DATASET CONTENT
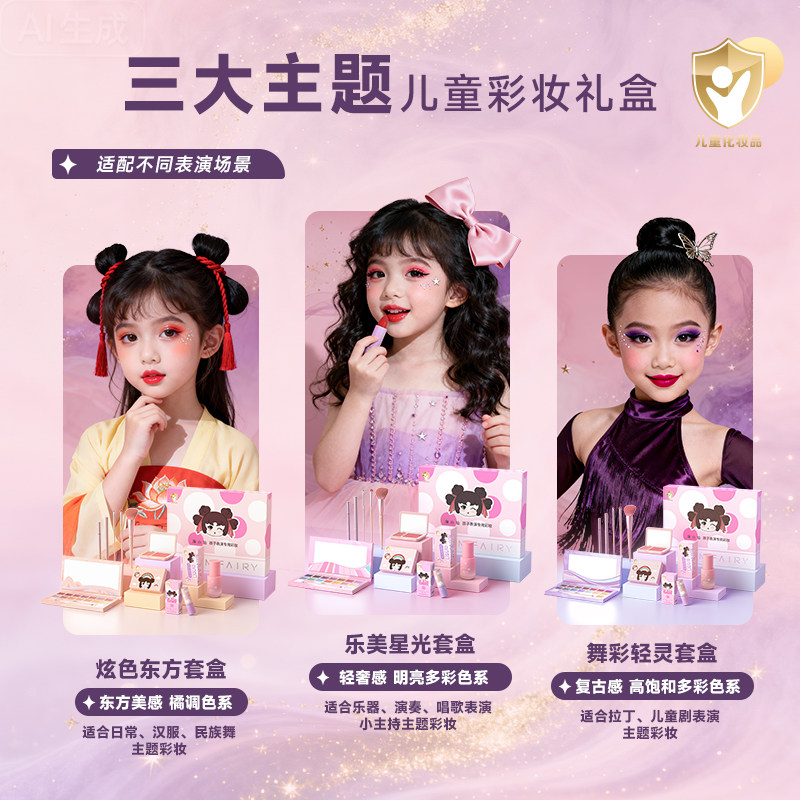 柒小仙儿童专用化妆品套装,专为女孩设计的安全彩妆套盒,是六一儿童节、舞台表演或日常角色扮演的理想礼物。产品采用温和无刺激的植物成分,通过国家质检认证,不含重金属与有害添加剂,呵护宝宝娇嫩肌肤。套装包含腮红、眼影、口红、亮片贴纸等多样彩妆工具,色彩鲜艳、易上色、易清洗,让孩子轻松打造梦幻舞台妆效。包装精美可爱,附赠收纳盒,方便携带与整理。柒小仙坚持“安全第一,快乐美妆”理念,让每个小女孩在自信绽放的同时,享受健康、安心的美丽体验,是家长放心、孩子喜爱的专属彩妆选择。
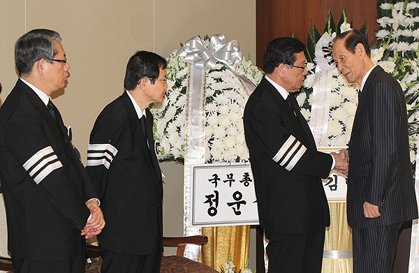 13일 이만섭 전 국회의장이 금호아시아나그룹 故 박인천 회장의 부인 故 이순정 여사의 빈소가 있는 신촌 세브란스 장례식장에서 헌화 후 박삼구 명예회장을 위로하며 악수를 나누고 있다.
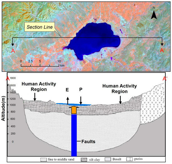 Faced the situation of shrinking lakes, there are two different perspectives on the relationship between water recharge and emissions. Firstly, local precipitation is the only source of recharge for these lakes. The supply of lakes receives rivers and groundwater runoff, all of which come from region rainfall in the basins [10]. Secondly, local precipitation cannot recharge groundwater through soil infiltration basically and the main source of recharge of lakes comes from exogenous groundwater. External groundwater recharges lakes through fault zones and other transmission channels of water [11,12]. For the first view, researchers calculated the amount of water that recharges into groundwater by precipitation infiltration into soil based on a hydraulic water balance model [13]. Nevertheless, the second view negated this opinion. Researchers verified their standpoint depending on isotope and hydrochemistry analysis. They assumed that groundwater recharge in the basin comes from precipitation, so the weighted average of hydrogen and oxygen isotopes of precipitation should be the same as that of groundwater. However, through experimental analysis, the isotopes of these lakes are obviously different from those of local precipitation and overly high soil salinity in the basin. It has been concluded that precipitation cannot recharge groundwater and lakes to receive a recharging of external water [14].

THE PROBLEM
Output all the material verbatim, skipping every image.

ANSWER AREA
 柒小仙儿童专用化妆品套装,专为女孩设计的安全彩妆套盒,是六一儿童节、舞台表演或日常角色扮演的理想礼物。产品采用温和无刺激的植物成分,通过国家质检认证,不含重金属与有害添加剂,呵护宝宝娇嫩肌肤。套装包含腮红、眼影、口红、亮片贴纸等多样彩妆工具,色彩鲜艳、易上色、易清洗,让孩子轻松打造梦幻舞台妆效。包装精美可爱,附赠收纳盒,方便携带与整理。柒小仙坚持“安全第一,快乐美妆”理念,让每个小女孩在自信绽放的同时,享受健康、安心的美丽体验,是家长放心、孩子喜爱的专属彩妆选择。
 13일 이만섭 전 국회의장이 금호아시아나그룹 故 박인천 회장의 부인 故 이순정 여사의 빈소가 있는 신촌 세브란스 장례식장에서 헌화 후 박삼구 명예회장을 위로하며 악수를 나누고 있다.
 Faced the situation of shrinking lakes, there are two different perspectives on the relationship between water recharge and emissions. Firstly, local precipitation is the only source of recharge for these lakes. The supply of lakes receives rivers and groundwater runoff, all of which come from region rainfall in the basins [10]. Secondly, local precipitation cannot recharge groundwater through soil infiltration basically and the main source of recharge of lakes comes from exogenous groundwater. External groundwater recharges lakes through fault zones and other transmission channels of water [11,12]. For the first view, researchers calculated the amount of water that recharges into groundwater by precipitation infiltration into soil based on a hydraulic water balance model [13]. Nevertheless, the second view negated this opinion. Researchers verified their standpoint depending on isotope and hydrochemistry analysis. They assumed that groundwater recharge in the basin comes from precipitation, so the weighted average of hydrogen and oxygen isotopes of precipitation should be the same as that of groundwater. However, through experimental analysis, the isotopes of these lakes are obviously different from those of local precipitation and overly high soil salinity in the basin. It has been concluded that precipitation cannot recharge groundwater and lakes to receive a recharging of external water [14].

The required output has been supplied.